Present Professional Position: Professor of Sociology, University of Massachusetts-Amherst, 1990-present.
Former Professional Positions: Assistant Professor to Professor, University of Massachusetts Amherst, Amherst, MA, 1978-1990
Education: PhD, State University of New York at Stony Brook, 1978; MA, State University of New York at Stony Brook, 1975; BA, Washington University, 1970.
Offices Held in Other Organizations: Vice President, Research Council 44, International Sociological Association, 2006-present; President, Massachusetts Society of Professors, 2003-2006; Co-convener, Labor and Childcare Conference and Initiative, 1999-2001; National Chair, Scholars, Artists, and Writers for Social Justice, 1998-1999.
Positions Held in ASA: Chair, Labor and Labor Movements Section, 2004-2005; Co-editor, Rose Series in Sociology, 2000-2005; Member, Nominations Committee, 2000-2001; Editor, Contemporary Sociology, 1995-1997; Editorial Board, American Sociological Review, 1989-1992
Publications: Clawson, Dan, Robert Zussman, Joya Misra, Naomi Gerstel, Randall Stokes, Douglas Anderton, and Michael Burawoy, eds. 2007. Public Sociology: Fifteen Eminent Sociologists Debate Politics & the Profession in the Twenty-First Century.
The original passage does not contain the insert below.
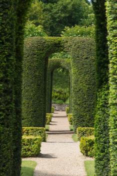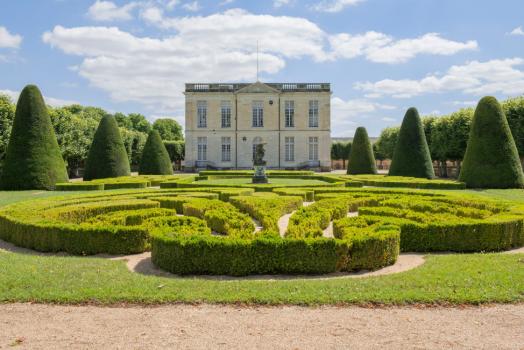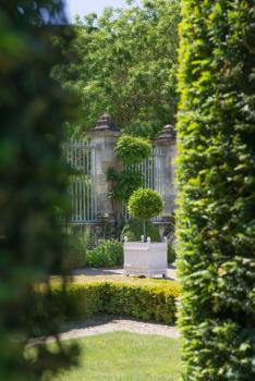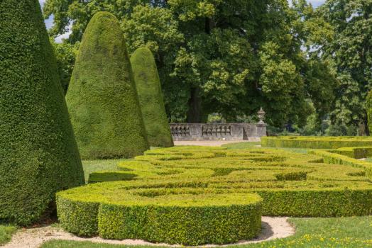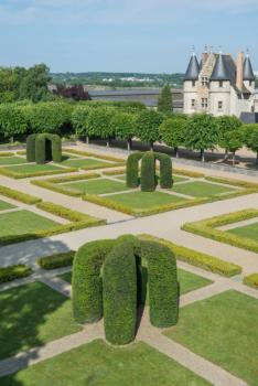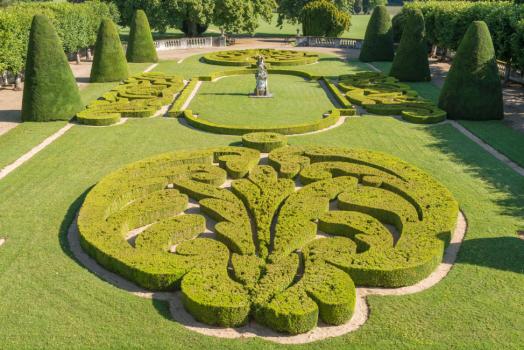 Château de Bouges, broderies de buis et ifs taillés du parterre nord

Berkeley, CA: University of California Press; Morris, Aldon and Dan Clawson. 2005. "Lessons of the Civil Rights Movement for a Workers’ Rights Movement." WorkingUSA: Journal of Labor and Society 8:685-706; Clawson, Dan. 2003. The Next Upsurge: Labor and the New Social Movements. Ithaca, NY: Cornell University Press; Clawson, Dan and Naomi Gerstel. 2002. "Caring for Our Young: Child Care in Europe and the United States." Contexts 1:28-35; Clawson, Dan, Alan Neustadtl, and James Bearden. 1986. "The Logic of Business Unity: Corporate Contributions to the 1980 Congressional Election." American Sociological Review 51:797-811.
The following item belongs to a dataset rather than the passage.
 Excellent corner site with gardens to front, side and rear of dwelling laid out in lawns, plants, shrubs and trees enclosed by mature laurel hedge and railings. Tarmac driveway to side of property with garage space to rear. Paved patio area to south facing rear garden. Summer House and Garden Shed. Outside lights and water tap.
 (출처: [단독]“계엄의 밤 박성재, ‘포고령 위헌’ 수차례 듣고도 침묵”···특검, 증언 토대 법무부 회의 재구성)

Personal Statement: The Secretary is a trustee of the organization, elected to address behind-the-scenes issues. The Secretary is also a member of a wide range of committees and thus serves a bridging role, helping to connect members and committees to each other and to the ASA staff. I would identify three concerns, starting with our resources, including the web, which should be used in ways that facilitate member engagement with public sociology, making it possible for clusters of members to bring their work to larger audiences. Second, the ASA is, and should remain, a leader in modeling the practices we would like to see in the larger society, whether that be on gender, environmental, racial, or labor fronts. Lastly, as a professional association, we must be concerned with job markets in relation to the changing character of colleges and universities—and that is more than ever true in hard times.